All’interno di tali limiti abbiamo sempre pensato, anche quando tutto sembrava perduto, che si potesse trovare una soluzione, e sempre all’interno di tali limiti non abbiamo mai rinunciato a comprendere le ragioni di Rifondazione comunista, con rispetto e contemporaneamente con fermezza. Ancora nell’ambito di questi limiti abbiamo esplorato fino in fondo l’impegno dei partiti moderati dell’opposizione a privilegiare l’interesse vero del paese rispetto all’utile di parte, certo legittimo ma anche sterile.
Non ci siamo mai nascosti che i problemi del lavoro e del rilancio dell’occupazione, nonché il parametro della giustizia sociale e dell’equità, non ci sono estranei, anzi coincidono con l’idea che abbiamo della politica; non abbiamo però mai rinunciato a credere nella compatibilità di un rilancio delle politiche in favore dell’occupazione con la ripresa dello sviluppo economico e della convergenza nell’Unione monetaria.
Pensiamo che solo all’interno di una cornice di stabilità e di sviluppo sia possibile farsi carico del problema che più di tutti segnala la contraddizione del nostro tempo.
Riteniamo, signor Presidente del Consiglio, che la nostra fiducia ostinata nel dialogo sia stata utile in questa circostanza. Non ci siamo esibiti nei giorni scorsi in “esercizi muscolari” per misurare i vincitori e i vinti, e per questo possiamo affermare di essere tutti più consapevoli dei margini veri esistenti in questa legislatura per una legittima e corretta dialettica tra i partiti della maggioranza.

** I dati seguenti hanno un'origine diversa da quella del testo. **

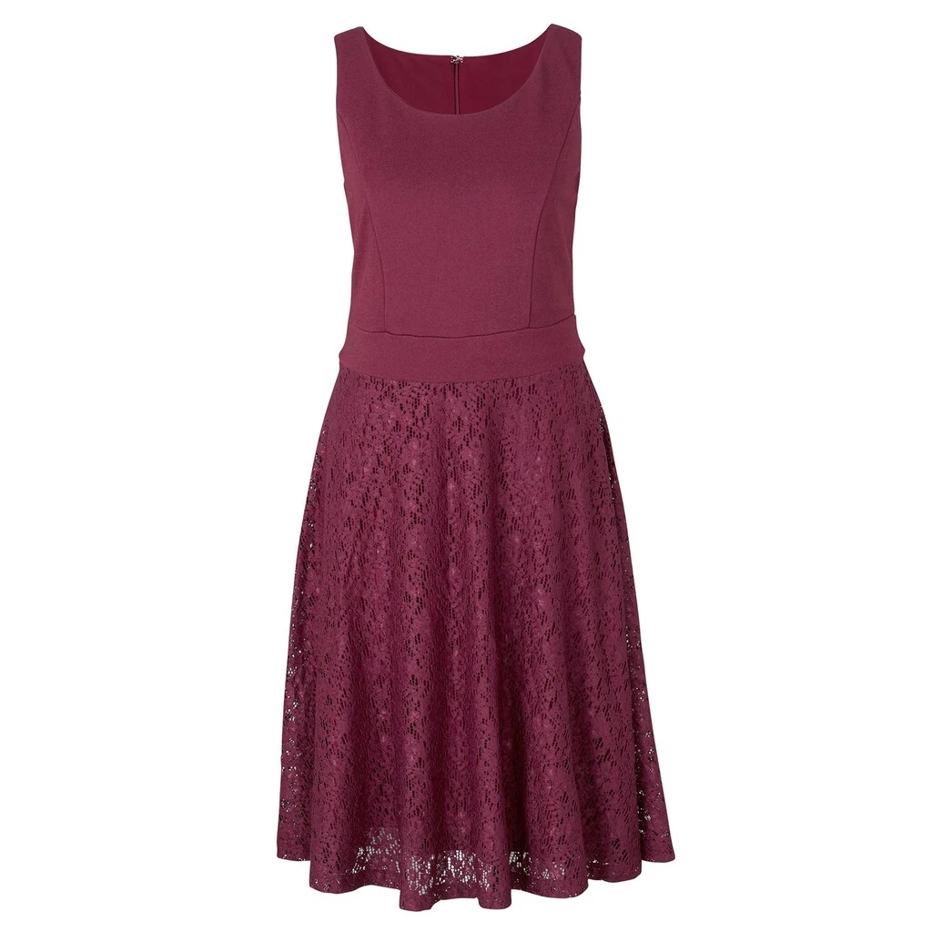 Reizvoller Begleiter für festliche Anlässe: ärmelloses Jersey-Kleid mit wunderbar femininer Silhouette! Eine breite Blende betont die Taillenpartie, die in ein weites Rockteil aus Spitze übergeht. Hinten mit verdecktem Haken- und Reißverschluss. Figurformende Wiener Nähte. Die schwere Jersey-Qualität ist absolut pflegeleicht und knittert nicht. Mit elastischem Futter. 75% Viskose, 20% Polyamid, 5% Elasthan. Spitze: 100% Polyamid. Futter: 100% Polyester. Maschinenwäsche.
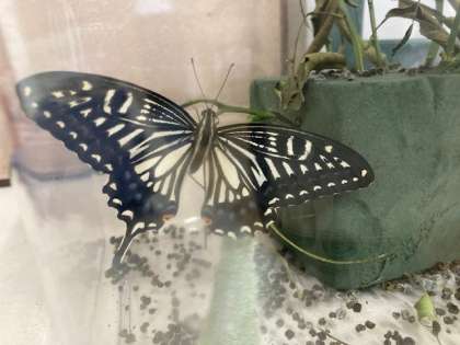 本校の先生の畑出身、敷津地域出身の「アゲハチョウ」がそろってきれいに羽化しています。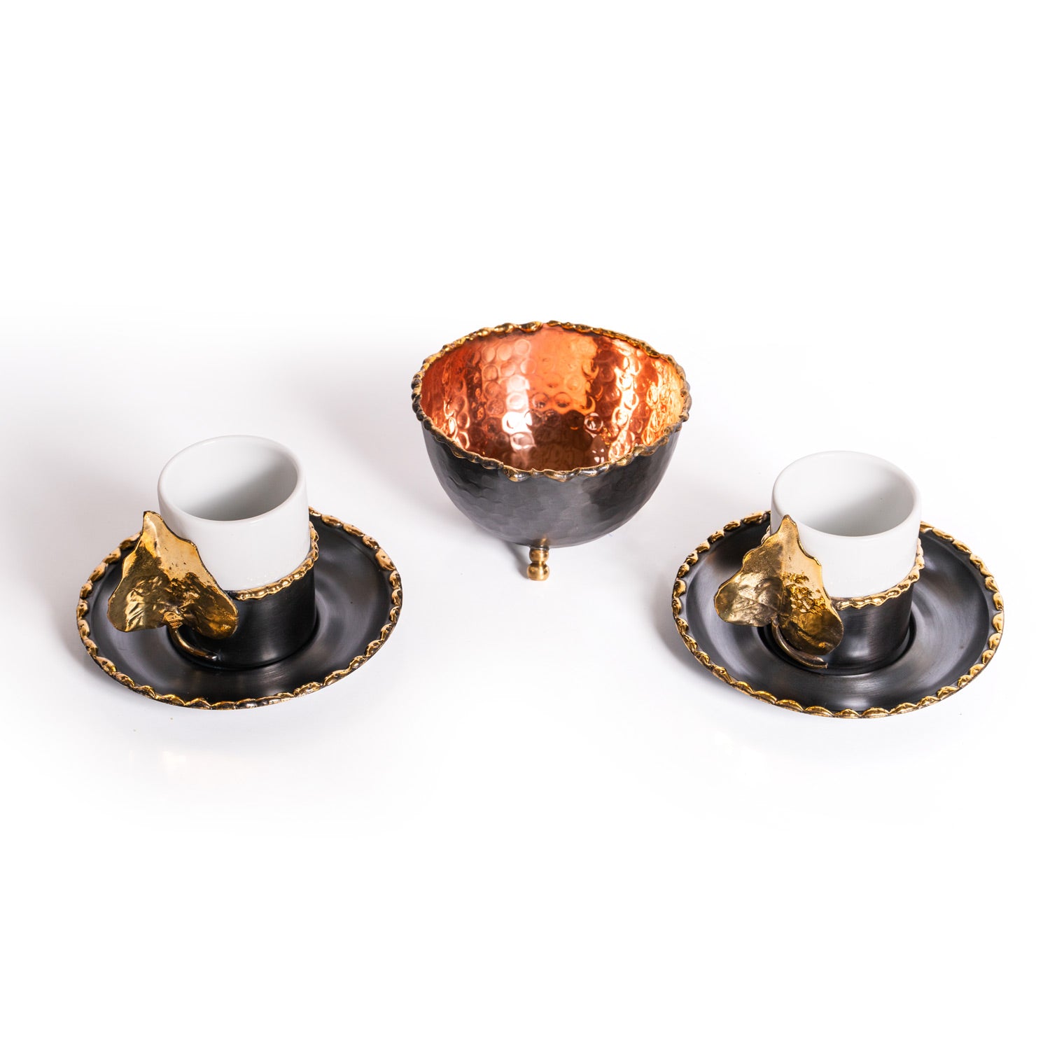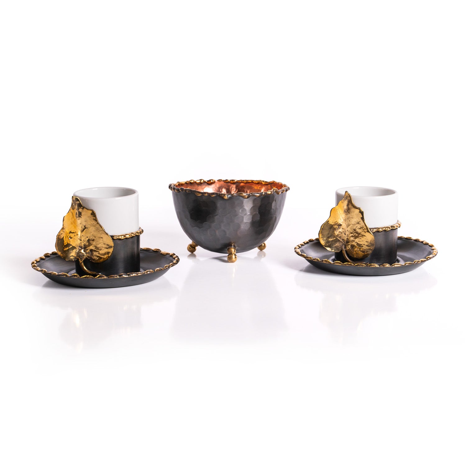 Lux Bakır Kahve Seti: 2 Adet Yaprak Motifli Fincan ve Siyah-Bakır Çerezlik

L’accordo raggiunto e la Legge finanziaria riflettono nel loro tessuto i caratteri dell’equilibrio possibile tra l’Ulivo e il partito di Rifondazione comunista. Noi non vogliamo tacere che esistono, tra il profilo strategico dell’azione riformatrice dell’Ulivo e del Governo Prodi e gli obiettivi generali di fondo del partito di Rifondazione comunista, distanze grandi e per quanto ci riguarda, incolmabili. Il nostro disegno, però, e la strategia di Rifondazione comunista si incontrano sul terreno della politica, dell’esercizio di Governo, delle scelte che in un sistema di democrazia maggioritaria e bipolare sono possibili, praticabili. Pensiamo che, nella combinazione tra sviluppo economico in un mercato senza confini e istituzioni capaci di rendere possibile un elevato grado di coesione sociale, quello presente in Italia sia il punto di equilibrio più avanzato tra i paesi di consolidata tradizione liberale.
Per questo pensiamo sia un po’ artificiale il grande affanno di molti colleghi dell’opposizione nel descrivere uno spostamento a sinistra dell’asse politico: i mercati hanno registrato l’accordo con un tale favore che neppure gli sforzi retorici dell’onorevole Marzano riescono ad appannare.

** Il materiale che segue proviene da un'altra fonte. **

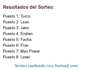 Lista de participantes: Turco, Endien, Max Power, Facha, Laser, Lean, Fran, Jairo.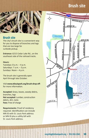 The city’s brush site is a convenient way for you to dispose of branches and logs that are too large for curbside pickup. Entrance: 6215 Cedar Lake Rd., on the southeast side of the railroad tracks. Hours: Tuesdays: 8 a.m. – 4 p.m. Saturdays: 7 a.m. – 3 p.m. Sundays: Noon – 4 p.m. The brush site is generally open April through late October. Visit www.stlouispark.org/brush-drop-offfor more information. Accepted: Grass, leaves, woody debris, branches, logs Not accepted: Lumber, construction debris, dirt, rocks Fees: Free of charge Requirements: Proof of residency required. Identification can include MN ID with St. Louis Park address or MN ID plus a utility bill with St. Louis Park address.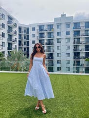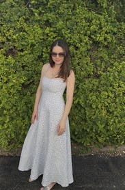 I loved everything about this dress: the tiny blue print, the quality of the fabric, and the length of it on me, more specifically. Have been in my Reformation era for a while and have been waiting for the right piece to come around, and this one was hit. Huge props to my RTR stylist to had this at the top of her list for me!! Super flattering. I'm a 28/6 in bottoms and a 10 in tops, and the 10 fit me like a glove since the back has lots of stretch, but still enough structure to cinch you in.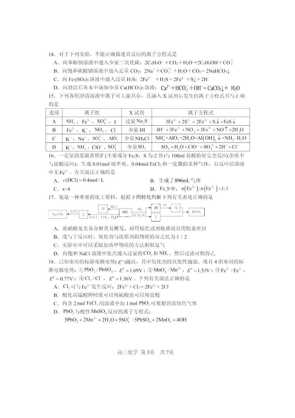 黑龙江省哈尔滨市第三中学校2023-2024学年高三上学期第一次验收(开学测试)化学.pdf_第3页

Si potrebbe aggiungere che sembra prevalere la delusione in quanti si erano preparati in questa settimana a nuovi scenari. Noi pensiamo, invece (e possiamo dirlo con assoluta sicurezza), che l’equilibrio di questo Governo è incardinato nella presidenza di Romano Prodi. Il futuro di questa legislatura, dell’attività di questo Governo, si può misurare rileggendo le pagine scritte nei primi sedici mesi di questa legislatura. Quando Prodi avrà consolidato il quadro di stabilità della nostra economia e delle nostre istituzioni, quando gli italiani saranno chiamati a valutare i risultati, allora sarà chiaro e rintracciabile l’asse politico di questa esperienza di Governo.
Ma già ora possiamo contare su una considerazione, su un elemento singolare di giudizio: mai, in nessuna crisi politica che io ho potuto osservare, mi è capitato di sentire nei confronti di un Governo che ha rassegnato le dimissioni un giudizio così diffusamente positivo nella valutazione pubblica di molti e nella valutazione privata di tutti, compresi quelli che stasera ho sentito intervenire, con l’eccezione dell’onorevole Mancuso.
Ora bisogna, riprendere la strada. Noi, signor Presidente del Consiglio, le confermiamo tutto il nostro impegno e la nostra intenzione perché pensiamo che attraverso questa strada si trovi l’approdo della transizione del nostro sistema politico verso una fase nuova della nostra storia.